● **Problem statement**:
Reproduce everything from the line that contains "ブラウス シャツ キーネック配色リボンブラウス レディース" down to the line that contains "U.S. Global Jets" in the listing below, word for word and nothing more. Leave the pictures out.
>>
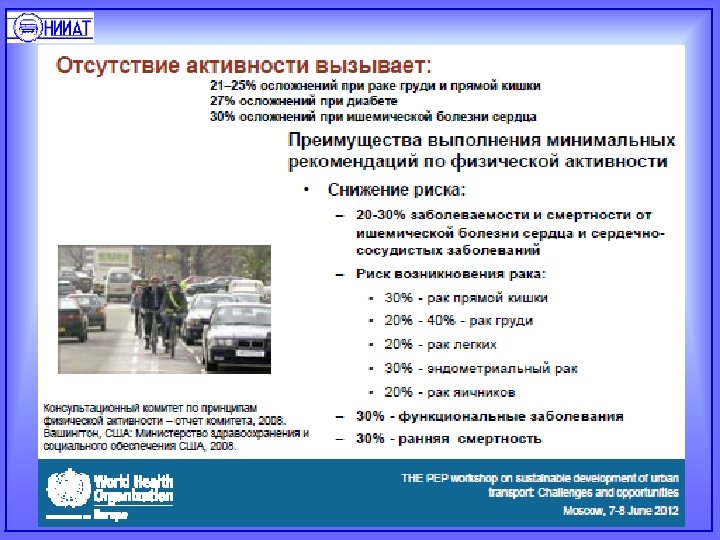 Виды негативного воздействия АТ на окружающую среду и здоровье населения в городах Выбросы вредных веществ: СО, СН, NOX, PM, SO 2 • 60 -80% суммарного загрязнения • Превышение ПДКсс вдоль магистрали в 1, 4 -2 раз по сравнению с жилыми территориями Выбросы парниковых газов: CO 2, CH 4, N 2 O Шум, вибрация, электромагнитное излучение Отчуждение земли под транспортную инфраструктуру и стоянки До 20% суммарных выбросов ПГ в городе 30 -40% территории в зоне сверхнормативного шумового транспортного загрязнения • Потеря до 60 -70% внутридворовых территорий • Разрушение естественных ландшафтов • 15 -20% территорий города использовано под транспортную инфраструктуру CO 2 Влияние на здоровье Заболевания дыхательной и сердечно-сосудистой систем, онкология Гиподинамия, стрессы, ожирение Отходы, сбросы • Утилизация только 50% образующихся отходов • Загрязнение земли и воды Риски для здоровья: 20 тыс. - преждевременных смертей в РФ, риск развития канцерогенных эффектов у москвичей находится на уровне сигнального (2, 7· 10 -4), свидетельствующего о критическом уровне загрязнения атмосферного воздуха формальдегидом и бензолом.
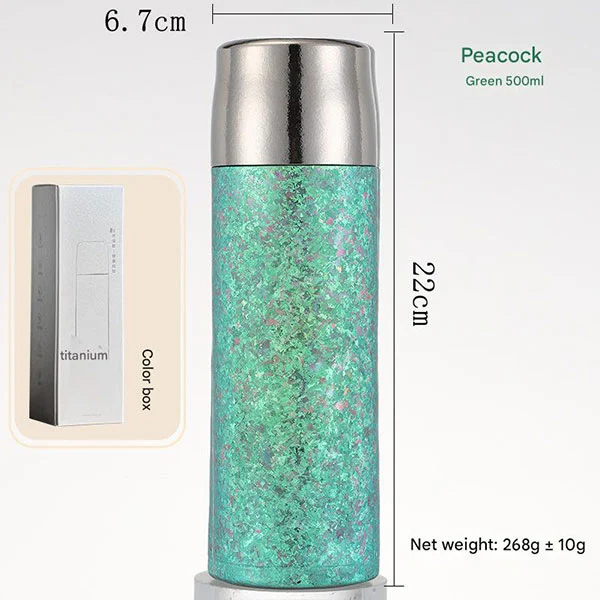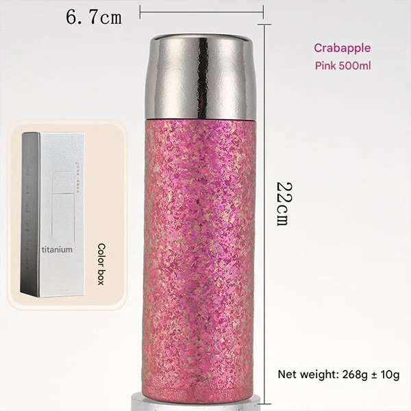 Тази титанова бутилка разполага с непропусклива чаша и е направена от 99,9% чист титан! Без химическо покритие! Титанът, който има добра биосъвместимост и устойчивост на корозия, превъзхожда обикновените материали като алуминий, пластмаса, стъкло и неръждаема стомана. Той е нетоксичен, безопасен и здравословен и няма да придаде вкус или мирис на храна или напитки. Неговата многократна употреба може да ви придружава много години.
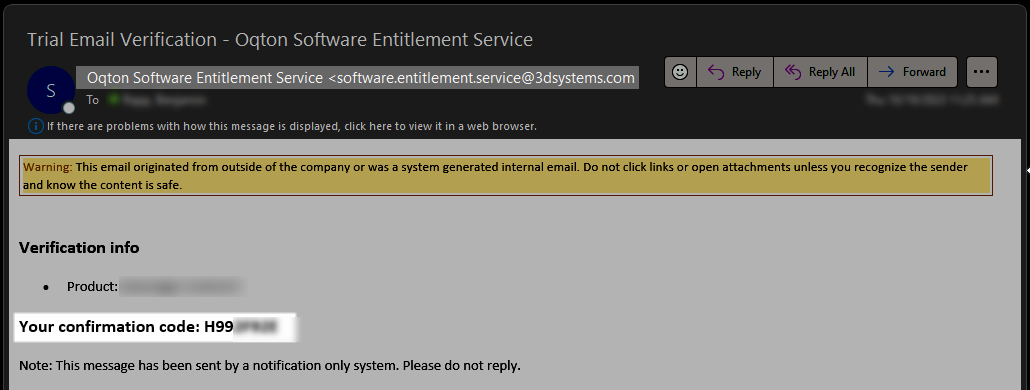 6) Locate the code in the verification email. The email should be sent from software.entitlement.service@3dsystems.com and may end up in a spam folder.
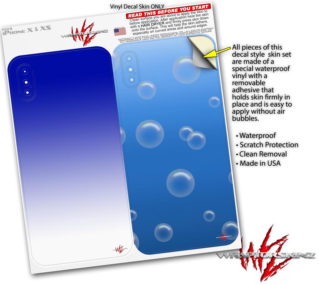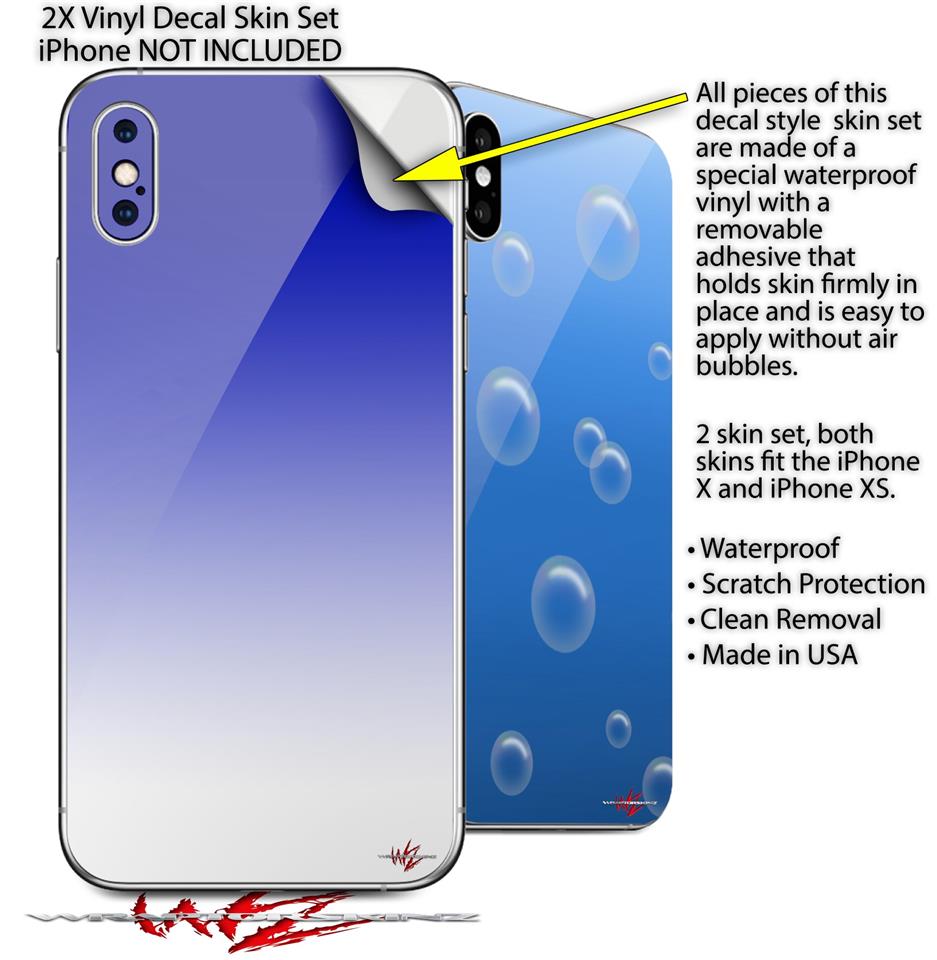 2 Decal style Skin Wraps set compatible with Apple iPhone X and XS Smooth Fades White Blue
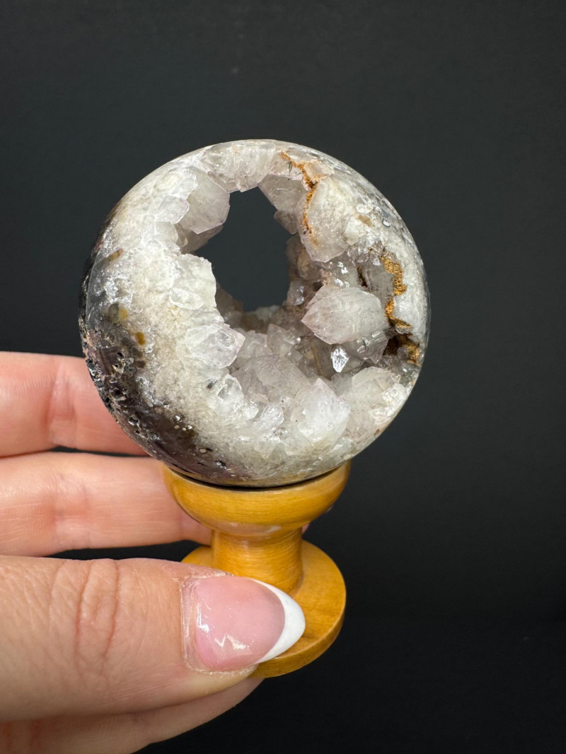 Lot # 28 - 2” Open Geode Sphere Crystal Ball on Stand – Sparkly, Great Shape
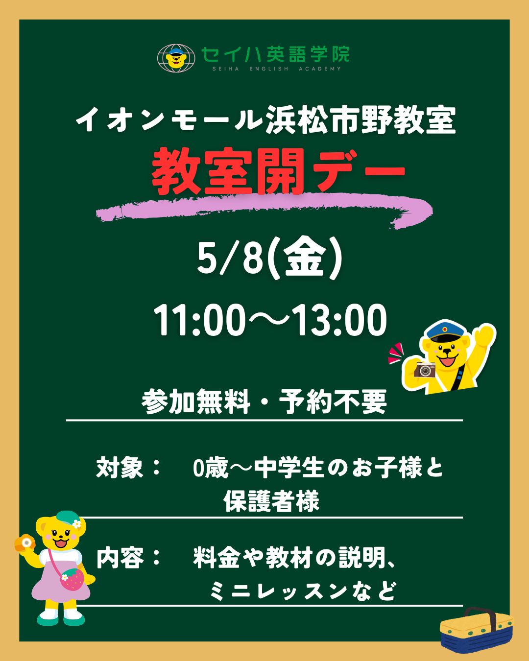※ 予告なく受付時間を変更する場合やスクールホリデー等があります。ご来校前にお電話にてご確認ください。
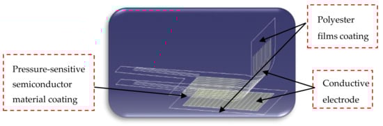 The arrayed film pressure sensor used in this work is a resistive pressure sensor, which has an “interlayer” structure, composed of two layers of films, a conductive electrode and a pressure-sensitive semiconductor material coating. The inner surfaces of both polyester films have transverse strip conductors or longitudinal strip conductors. A pressure-sensitive semiconductor material is sandwiched between two films. When the arrayed sensor is pressed, the resistance of the pressure sensitive semiconductor changes with the proportion to the external force, and the intersection of the horizontal conductors and the longitudinal conductors forms an array of pressure sensing points (PSP), whose sensing matrix is 52 × 44. The line interval of the sensor is 1 mm and the minimum area of the resolution unit is 2 mm×2 mm. That is, the rank of the sensing area of this sensor is 17 × 12.8 cm2. The sensor is packaged by a PET film with a thickness of 100 μm. PET film is non-toxic, chemically-resistant, friction-resistant, low-wear and high-hardness, and has greatest toughness among thermoplastics, which is good for us to do food experiments. What’s more, for this arrayed film pressure sensor, the sealing thickness is about 0.2 mm, the measuring range is 0–50 kg and the precision is ≤±20%. The structural diagram of the arrayed film pressure sensor is shown in Figure 8.
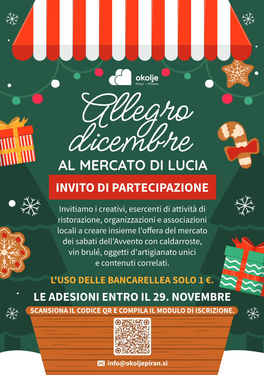 L’Azienda pubblica Okolje Pirano invita le associazioni, organizzazioni, ristoratori e i singoli che operano nell’area del Comune di Pirano a creare insieme l’atmosfera festosa di dicembre al mercato di Lucia.
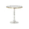 A Siena kisasztal elegáns és kifinomult megjelenésével azonnal feldobja a nappalit vagy a hálószobát. Kerek, fehér márvány hatású lapját arany szegély díszíti, amely tökéletesen harmonizál a modern, glamour vagy art deco enteriőrökkel.
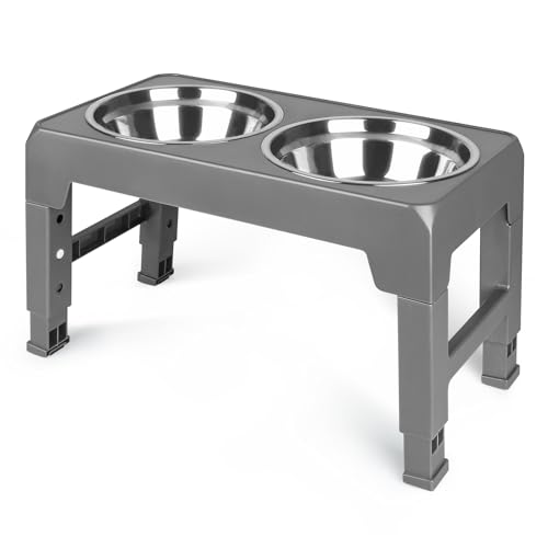 Erhöhter Doppelnapf für Hunde, Futternapf für Hunde, höhenverstellbar mit 3 Ebenen, Schüsseln aus Edelstahl, 44 x 24 x 8 cm (grau)
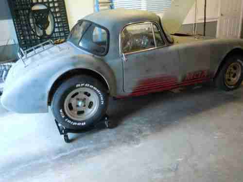 MGA coupe (1959) set up for a Chev. V6 motor and transmission (not included). Rolling rust free body. Front has modified to look like a Cobra-- done in fibreglass (easy to restore to original). All hardware is there- glass, door trim, guages, wood-rim steering wheel. MGB rear end. Slotted aluminium wheels. Good project.
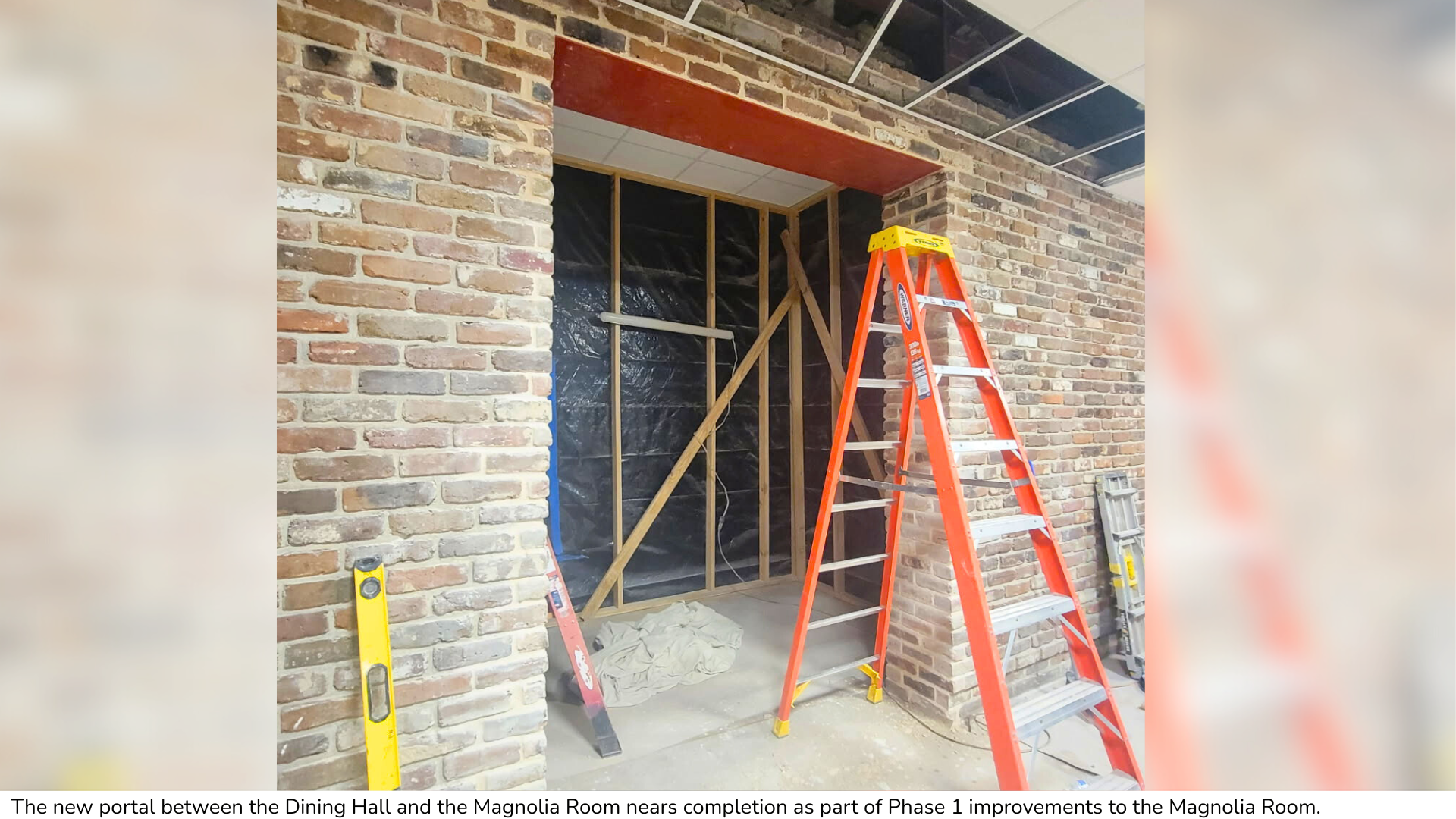 2. The Magnolia Room Phase 1 improvements project is also underway, to the point that work should be completed within another week or so. The two major changes that Phase 1 brings to this conference room are that a) a corridor now exists for Café staff to walk from the Kitchen to the Pantry without having to interrupt guests in the Magnolia Room, and b) a connecting doorway now opens the Magnolia Room up to the Dining Hall, providing us with flexibility for renting each room separately, or together. Phase 2 will see floor and ceiling treatments for the Magnolia Room, but no timetable is yet set for this phase. We extend our sincere gratitude to The Dr. Monte L. Moorer Foundation Charitable Trust, The A.S. Mitchell Foundation, and The Julien E. Marx Foundation Trust for their generous support in making this project possible.
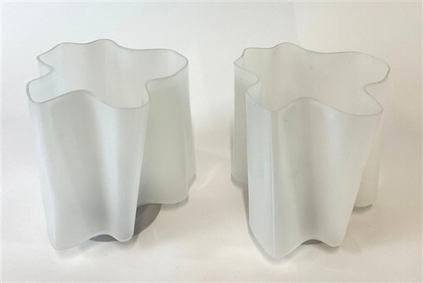 Coppia di plafoniere modello "Logico mini". Produzione Artemide, Milano, anni 2000. Alluminio, plastica e vetro incamiciato opalescente. (cm 20x19)
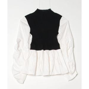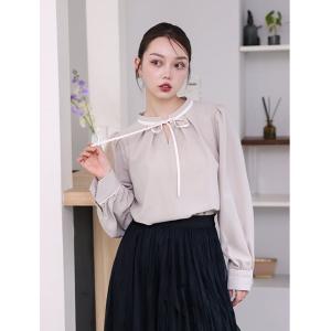 ブラウス シャツ キーネック配色リボンブラウス レディース
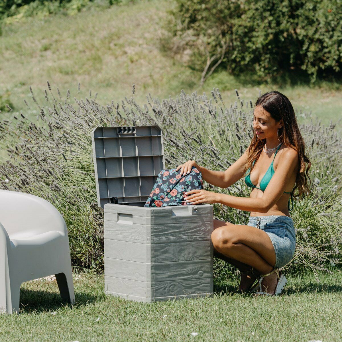 Con una capacità di 90 litri, è ideale come contenitore portattrezzi, porta coperte o cuscini, proteggendo il contenuto da polvere, umidità e agenti atmosferici. Grazie alla struttura resistente ai raggi UV e alle intemperie, mantiene nel tempo colore e solidità.
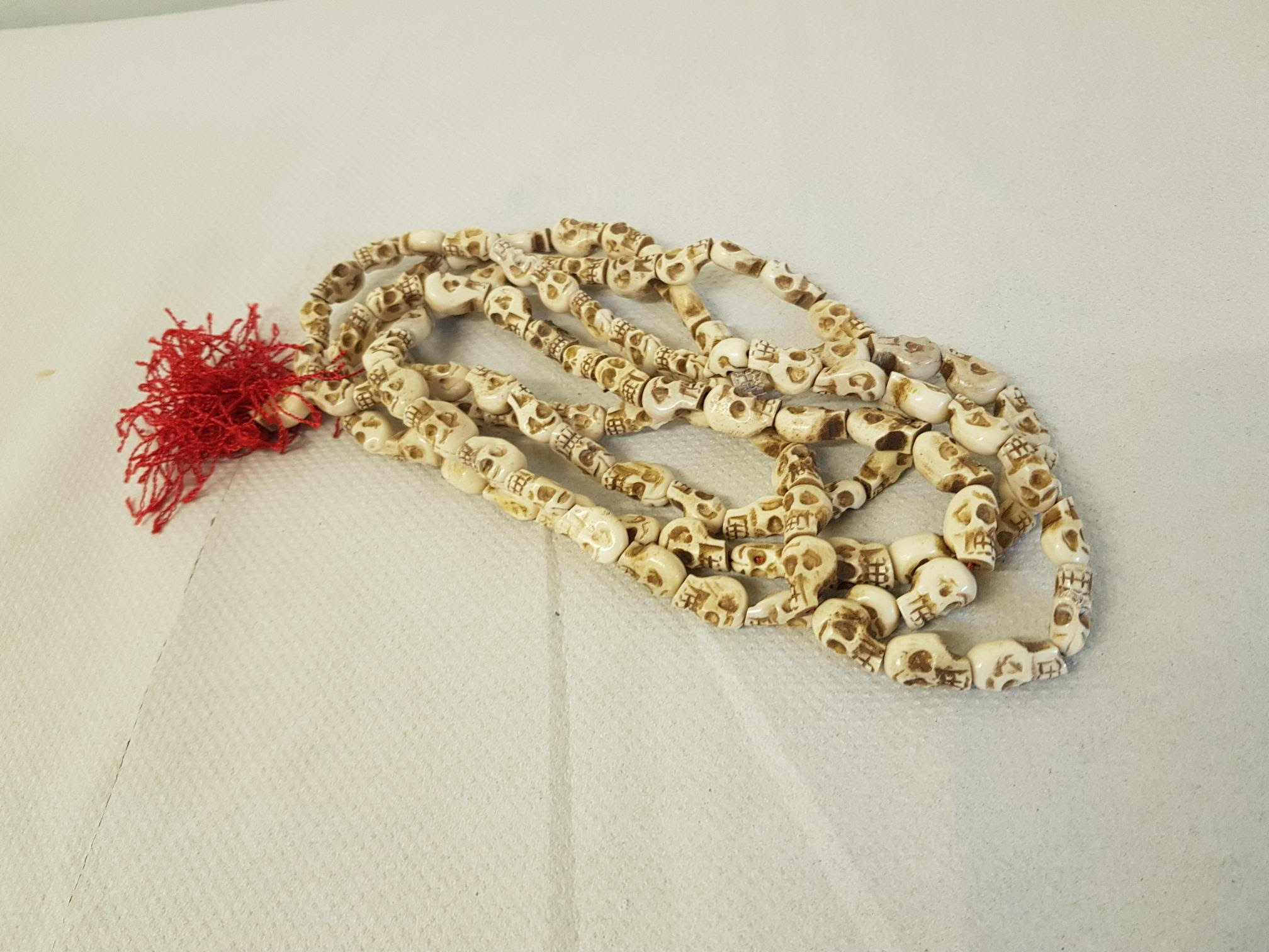 Mala bone skull shaped beads £70.00Traditional Mala bone crafted into skull shapes. Used in the practise of buddhism teachings. 108 beads on a red plume. Enter Quantity Weight: 141 kgSize: LargePack Size: Single
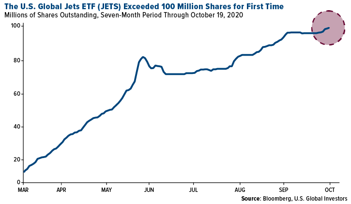 U.S. Global Jets ETF (JETS) Exceeds 100 Million Shares Outstanding
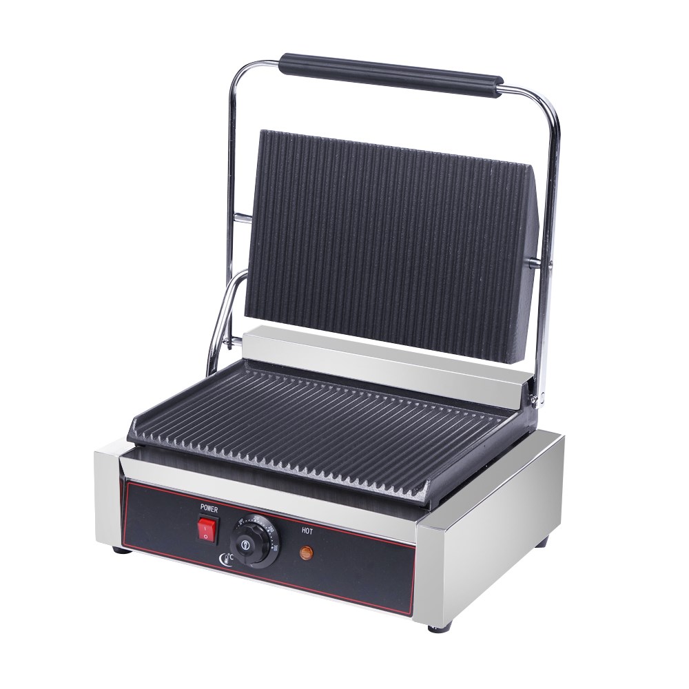 Контактный гриль Rosso HEG-811E предназначен для жарки мяса, рыбы, птицы, овощей, бутербродов и сэндвичей на предприятиях общественного питания и торговли. Модель оснащена терморегулятором. Корпус выполнен из нержавеющей стали.
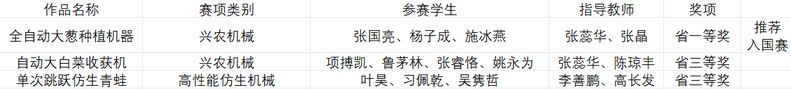 日前,浙江省第二十一届大学生机械设计竞赛暨第十一届全国大学生机械创新设计大赛选拔赛在杭州科技职业技术学院举行,我校工学院机械设计制造及其自动化专业学子张国亮、杨子成、施冰燕三位同学设计的“全自动大葱种植机器”(指导教师:张蕊华)在兴农机械赛项获一等奖并入围国赛,此外“自动大白菜收割机”“单次跳跃仿生蛙”两个项目荣获三等奖。
<<
● **Exercise result**:
 ブラウス シャツ キーネック配色リボンブラウス レディース
 Con una capacità di 90 litri, è ideale come contenitore portattrezzi, porta coperte o cuscini, proteggendo il contenuto da polvere, umidità e agenti atmosferici. Grazie alla struttura resistente ai raggi UV e alle intemperie, mantiene nel tempo colore e solidità.
 Mala bone skull shaped beads £70.00Traditional Mala bone crafted into skull shapes. Used in the practise of buddhism teachings. 108 beads on a red plume. Enter Quantity Weight: 141 kgSize: LargePack Size: Single
 U.S. Global Jets ETF (JETS) Exceeds 100 Million Shares Outstanding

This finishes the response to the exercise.